• Work required
Return an exact copy of the entries, skipping any picture you find.

• Data for the task
- - -

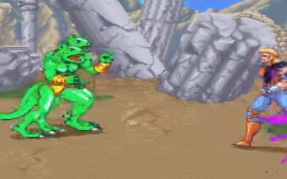野獸形態可以維持一段時間,直到受到的傷害達到一定程度後,才會變回人類形態。討厭的是,即使你沒有被敵人打中,也會不停地減血(這貌似是Konami清版遊戲的一個慣例,在Crime of Fighters中也是如此)。不過當你快要死去時,Konami還是幽默了一把,屏幕上居然會出現一句警告你“快要挂了”的閃動信息。
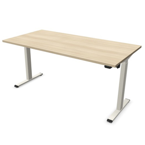 Gestell: Hubsäulengestell mit T-Füßen, das Bein besteht aus einer zweiteiligen Säule aus Stahlprofilen, Maße: 80 × 50 mm, 75 × 45 mm (Reihgenfolge von unten nach oben), Teleskopierbare Traverse, Fußlänge 590 mm, inklusive Nivelliergleiter (Verstell-Bereich von + 10 mm), pulverbeschichtet Tischplatte: melamin beschichtete Spanplatte (MFC), Stärke 25 mm, 2 mm Kante in Klebetechnologie Technische Parameter: 1 Motor, Auffahrschutz-Funktion (einstellbare Empfindlichkeit), Überhitzungsschutz, Stufenlose Start & Stopp, Stufenlose Up & Down Höhenverstellung, Geschwindigkeit 21 mm / s bei maximal zulässiger Belastung, Geräusch < 48 dB, Stromverbrauch im Standby-Modus 0,5 W, Belastbarkeit 60 kg unter Berücksichtigung der Tischplatte, Antriebssystem: Wechselstrom Schalter: Up / Down Druckknopf mit Display |
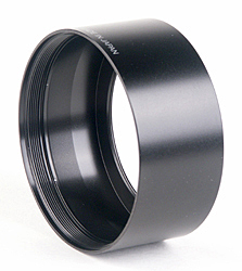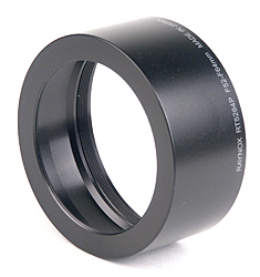 Raynox made a number of adapters for various cameras. Click here for the details. The one for Panasonic FZ-10 and FZ-20 is the RT5264P, from a female 64mm thread (the camera end) to a female 52mm thread (for converters and filters). This Raynox RT5264P is a very well-made and light adapter tube. The left image below shows its front, narrower (for 52mm thread) end, and the right one has the rear 64mm end. It seems two versions of the RT5264P are available. The other version, which is not shown here, has a slightly smaller top (i.e., the 52mm end); however, the functionality is exactly the same.
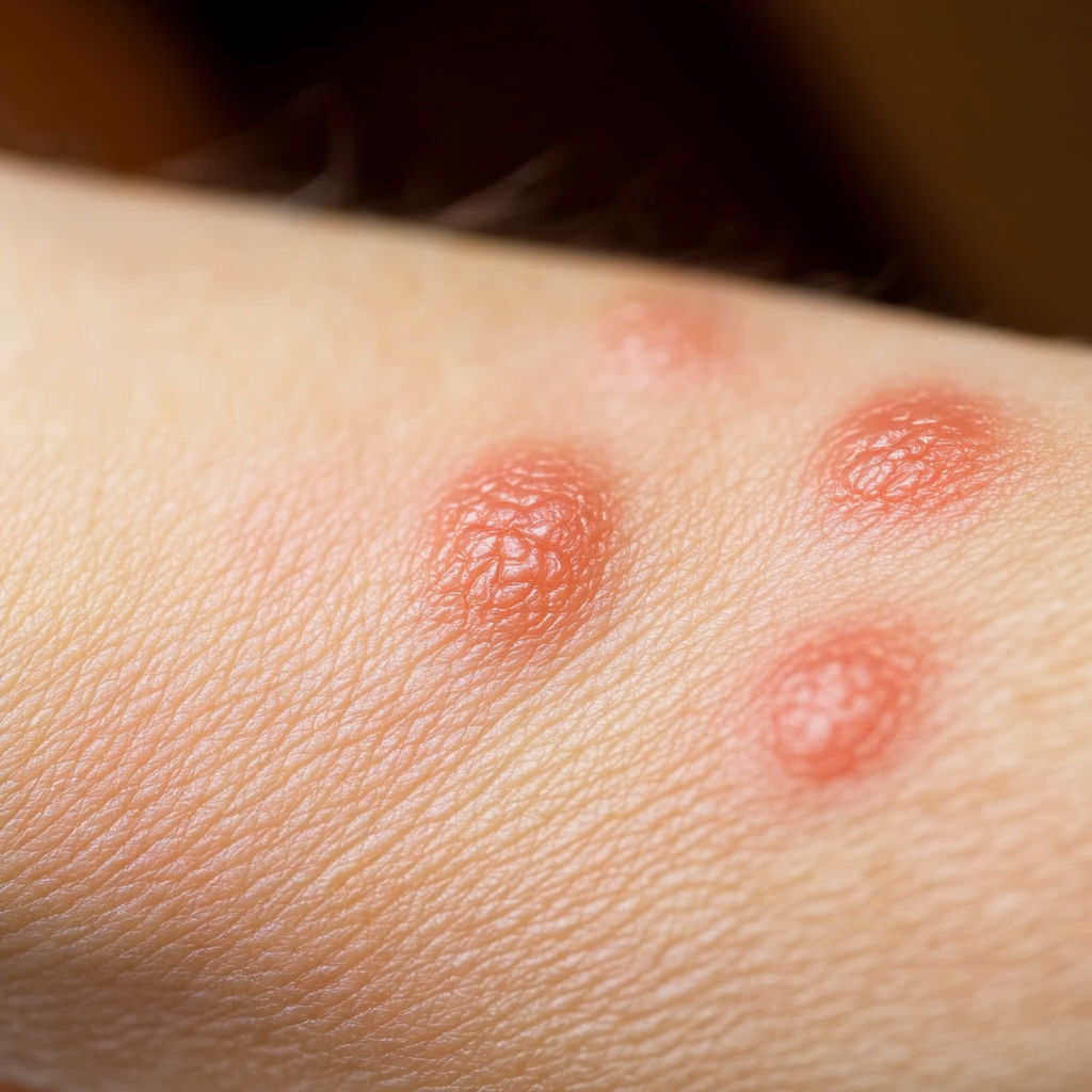 Bed Bug Bite: Bed bugs usually leave a series of bites on exposed skin (arms, neck, face). The bites appear as red, swollen spots with mild itching that can intensify over hours or days.
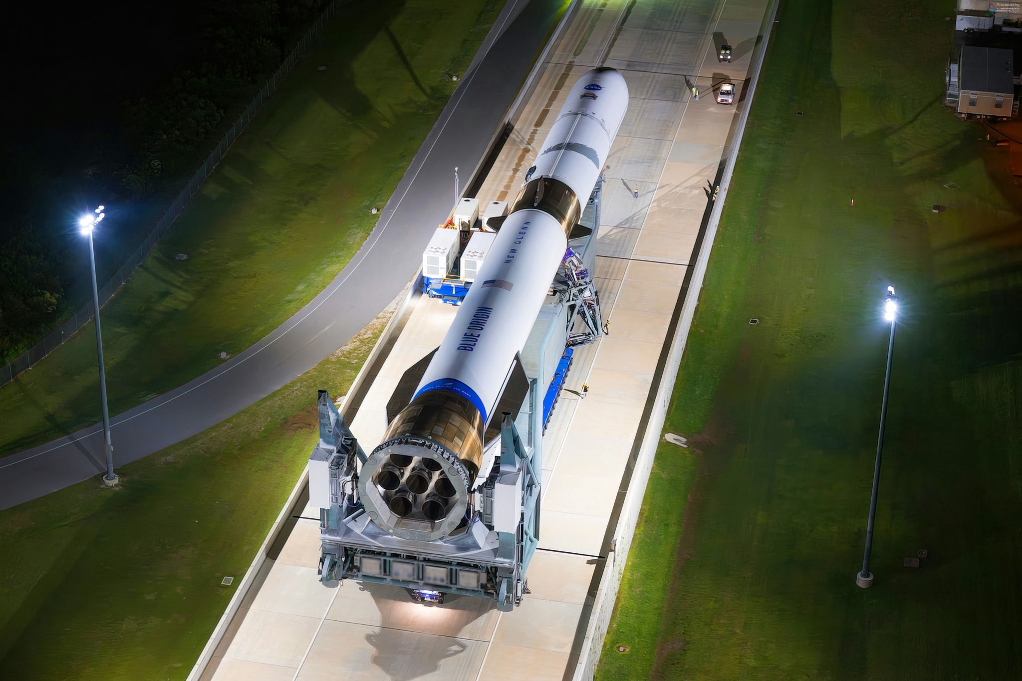 21 février 2024, un lanceur complet New Glenn avec premier, second étage et coiffe, mais sans les moteurs est mis sur le LC36 pour être mis à la verticale en soirée. La campagne de tests permet aux équipes de pratiquer, de valider et d'accroître leurs compétences en matière d'intégration de véhicules, de transport, d'assistance au sol et d'opérations de lancement. Le voyage vers le pad de tir a commencé fin décembre dans le hangar du complexe 36. Les tests se termineront dans une semaine après plusieurs démonstrations de chargement d'azote simulant les véritables ergols cryogéniques qui seront utilisés pour le vol, Integrated Tanking Test (ITT), de contrôle de pression et de systèmes de ventilation du lanceur. Les installations du pad et les systèmes au sol sont terminés et seront activés pour la première fois lors de la campagne de tests. Le PDG et fondateur de Blue Origin, Dave Limp et Jeff Bezos admirant le New Glenn sur le pad. Selon Blue Origin, "le premier étage n'est pas uniquement destiné aux tests, mais il sera éventuellement utilisé lors d'une véritable tentative de lancement de New Glenn. Actuellement, il manque encore à cette étage les pattes d'atterrissage, les virures du bas et les ailerons au sommet. Il manque également à ce premier étage ses 7 moteurs BE-4. Ces moteurs destinés au tir statique terminent les tests de qualification dans les installations de Blue Origin à l'ouest du Texas. Concernant les tests à venir qui devraient avoir lieu dans les prochains jours, ils n'ont pas besoin des moteurs ou autre matériel manquant sur le booster". Après le test, le premier étage sera équipé d'une structure arrière et de moteurs BE-4, couplés à un nouvel étage supérieur, puis renvoyé sur le LC36 cet été pour un véritable tir statique. Blue Origin prévoit le premier vol le plus tôt possible. « Nous lançons cette année. Notre plan est de lancer deux fois cette année." En 2022, Blue Origin a changé d'avis sur le navire de récupération et a démoli un bateau qu'il avait initialement prévu de modifier et d'utiliser comme plate-forme d'atterrissage en aval. Peu de temps après, il a été annoncé qu'ils utiliseraient à la place une barge similaire à SpaceX, ce qui permettra de réduire les couts d'accès à l'espace. Le premier étage atterrira bien sur cette barge, qui est bientôt prête. Initialement, Blue Origin ne devait pas tenter un atterrissage en mer dès le premier vol. « Cela semble agressif, mais ce n'est pas le cas. Pensez au nombre de fois où nous avons atterri avec le New Shepard en un rien de temps. Tous les systèmes avioniques, les systèmes de vol et tout ce que nous avons appris, nous les avons transférés – même les gens sont tous venus travailler pour New Glenn. Bien que très ambitieuse, l'entreprise semble penser que le premier lancement et ses différentes opérations sont à portée de main. Le délai d'exécution entre les vols des premiers étages récupérés sera initialement de 30 jours. Une installation de reise à neuf des étages GS-1 sera construite près du LC36. La remise à neuf initiale du booster aura lieu à l'installation d'intégration SLC-36. La flotte New Glenn devrait démarrer avec la production de 4 boosters et achève déjà les travaux de fabrication du 4e premier étage du lanceur. Trois second étages ont été achevés et trois autres sont en cours de production. Les 7 premières coiffes sont prêtes. Les lancements de New Glenn commenceront avec un deuxième étage consommable mais ils travaillent sur la réutilisation du 2 ème étage ainsi que des carénages. La capacité initiale sera de 12 lancements par an, mais ils travaillent pour doubler ce chiffre pour atteindre 24 lancements, voire plus. 5 mars 2024, retour de la maquette du New Glenn dans son hangar du LC36 après 3 tests de remplissage des réservoirs en ergols le 27 février durant 3 heures et le 4 mars durant 6 heures. Le lanceur va être démonté, les étages rejoindront l'usine toute proche pour être équipés avec des éléments de vol. 12 mars 2024, le "pathfinder" du premier étage du New Glenn retourne dans son usine à Canaveral, après 3 tests de remplissage des réservoirs du premier étage sur le LC36. L'étage sera équipé de ses moteurs pour le tir statique. 23 mai 2024, retour sur le LC36 pour la maquette du New Glenn avec le premier étage "pathfinder" et un simulateur du second. Les tests ont pour but de valider le transporteur érecteur et des mises sous tension des pompes qui fournissent de la pression au système hydraulique du lanceur, la validation du système au sol alimentant le lanceur et un test de rétraction rapide des connexions ombilicales. La partie arrière du premier étage GS-1 de vol avec les 6 jambes d'atterrissage en cours d'essais. 14 juin, LC36, la maquette du New Glenn est mis à la verticale pour des essais des systèmes sol. 2 juillet 2024, tests de rétraction des ombilicaux de l'érecteur sur le LC36.

- - -

• Exercise solution
野獸形態可以維持一段時間,直到受到的傷害達到一定程度後,才會變回人類形態。討厭的是,即使你沒有被敵人打中,也會不停地減血(這貌似是Konami清版遊戲的一個慣例,在Crime of Fighters中也是如此)。不過當你快要死去時,Konami還是幽默了一把,屏幕上居然會出現一句警告你“快要挂了”的閃動信息。
 Gestell: Hubsäulengestell mit T-Füßen, das Bein besteht aus einer zweiteiligen Säule aus Stahlprofilen, Maße: 80 × 50 mm, 75 × 45 mm (Reihgenfolge von unten nach oben), Teleskopierbare Traverse, Fußlänge 590 mm, inklusive Nivelliergleiter (Verstell-Bereich von + 10 mm), pulverbeschichtet Tischplatte: melamin beschichtete Spanplatte (MFC), Stärke 25 mm, 2 mm Kante in Klebetechnologie Technische Parameter: 1 Motor, Auffahrschutz-Funktion (einstellbare Empfindlichkeit), Überhitzungsschutz, Stufenlose Start & Stopp, Stufenlose Up & Down Höhenverstellung, Geschwindigkeit 21 mm / s bei maximal zulässiger Belastung, Geräusch < 48 dB, Stromverbrauch im Standby-Modus 0,5 W, Belastbarkeit 60 kg unter Berücksichtigung der Tischplatte, Antriebssystem: Wechselstrom Schalter: Up / Down Druckknopf mit Display |
 Raynox made a number of adapters for various cameras. Click here for the details. The one for Panasonic FZ-10 and FZ-20 is the RT5264P, from a female 64mm thread (the camera end) to a female 52mm thread (for converters and filters). This Raynox RT5264P is a very well-made and light adapter tube. The left image below shows its front, narrower (for 52mm thread) end, and the right one has the rear 64mm end. It seems two versions of the RT5264P are available. The other version, which is not shown here, has a slightly smaller top (i.e., the 52mm end); however, the functionality is exactly the same.
 Bed Bug Bite: Bed bugs usually leave a series of bites on exposed skin (arms, neck, face). The bites appear as red, swollen spots with mild itching that can intensify over hours or days.
 21 février 2024, un lanceur complet New Glenn avec premier, second étage et coiffe, mais sans les moteurs est mis sur le LC36 pour être mis à la verticale en soirée. La campagne de tests permet aux équipes de pratiquer, de valider et d'accroître leurs compétences en matière d'intégration de véhicules, de transport, d'assistance au sol et d'opérations de lancement. Le voyage vers le pad de tir a commencé fin décembre dans le hangar du complexe 36. Les tests se termineront dans une semaine après plusieurs démonstrations de chargement d'azote simulant les véritables ergols cryogéniques qui seront utilisés pour le vol, Integrated Tanking Test (ITT), de contrôle de pression et de systèmes de ventilation du lanceur. Les installations du pad et les systèmes au sol sont terminés et seront activés pour la première fois lors de la campagne de tests. Le PDG et fondateur de Blue Origin, Dave Limp et Jeff Bezos admirant le New Glenn sur le pad. Selon Blue Origin, "le premier étage n'est pas uniquement destiné aux tests, mais il sera éventuellement utilisé lors d'une véritable tentative de lancement de New Glenn. Actuellement, il manque encore à cette étage les pattes d'atterrissage, les virures du bas et les ailerons au sommet. Il manque également à ce premier étage ses 7 moteurs BE-4. Ces moteurs destinés au tir statique terminent les tests de qualification dans les installations de Blue Origin à l'ouest du Texas. Concernant les tests à venir qui devraient avoir lieu dans les prochains jours, ils n'ont pas besoin des moteurs ou autre matériel manquant sur le booster". Après le test, le premier étage sera équipé d'une structure arrière et de moteurs BE-4, couplés à un nouvel étage supérieur, puis renvoyé sur le LC36 cet été pour un véritable tir statique. Blue Origin prévoit le premier vol le plus tôt possible. « Nous lançons cette année. Notre plan est de lancer deux fois cette année." En 2022, Blue Origin a changé d'avis sur le navire de récupération et a démoli un bateau qu'il avait initialement prévu de modifier et d'utiliser comme plate-forme d'atterrissage en aval. Peu de temps après, il a été annoncé qu'ils utiliseraient à la place une barge similaire à SpaceX, ce qui permettra de réduire les couts d'accès à l'espace. Le premier étage atterrira bien sur cette barge, qui est bientôt prête. Initialement, Blue Origin ne devait pas tenter un atterrissage en mer dès le premier vol. « Cela semble agressif, mais ce n'est pas le cas. Pensez au nombre de fois où nous avons atterri avec le New Shepard en un rien de temps. Tous les systèmes avioniques, les systèmes de vol et tout ce que nous avons appris, nous les avons transférés – même les gens sont tous venus travailler pour New Glenn. Bien que très ambitieuse, l'entreprise semble penser que le premier lancement et ses différentes opérations sont à portée de main. Le délai d'exécution entre les vols des premiers étages récupérés sera initialement de 30 jours. Une installation de reise à neuf des étages GS-1 sera construite près du LC36. La remise à neuf initiale du booster aura lieu à l'installation d'intégration SLC-36. La flotte New Glenn devrait démarrer avec la production de 4 boosters et achève déjà les travaux de fabrication du 4e premier étage du lanceur. Trois second étages ont été achevés et trois autres sont en cours de production. Les 7 premières coiffes sont prêtes. Les lancements de New Glenn commenceront avec un deuxième étage consommable mais ils travaillent sur la réutilisation du 2 ème étage ainsi que des carénages. La capacité initiale sera de 12 lancements par an, mais ils travaillent pour doubler ce chiffre pour atteindre 24 lancements, voire plus. 5 mars 2024, retour de la maquette du New Glenn dans son hangar du LC36 après 3 tests de remplissage des réservoirs en ergols le 27 février durant 3 heures et le 4 mars durant 6 heures. Le lanceur va être démonté, les étages rejoindront l'usine toute proche pour être équipés avec des éléments de vol. 12 mars 2024, le "pathfinder" du premier étage du New Glenn retourne dans son usine à Canaveral, après 3 tests de remplissage des réservoirs du premier étage sur le LC36. L'étage sera équipé de ses moteurs pour le tir statique. 23 mai 2024, retour sur le LC36 pour la maquette du New Glenn avec le premier étage "pathfinder" et un simulateur du second. Les tests ont pour but de valider le transporteur érecteur et des mises sous tension des pompes qui fournissent de la pression au système hydraulique du lanceur, la validation du système au sol alimentant le lanceur et un test de rétraction rapide des connexions ombilicales. La partie arrière du premier étage GS-1 de vol avec les 6 jambes d'atterrissage en cours d'essais. 14 juin, LC36, la maquette du New Glenn est mis à la verticale pour des essais des systèmes sol. 2 juillet 2024, tests de rétraction des ombilicaux de l'érecteur sur le LC36.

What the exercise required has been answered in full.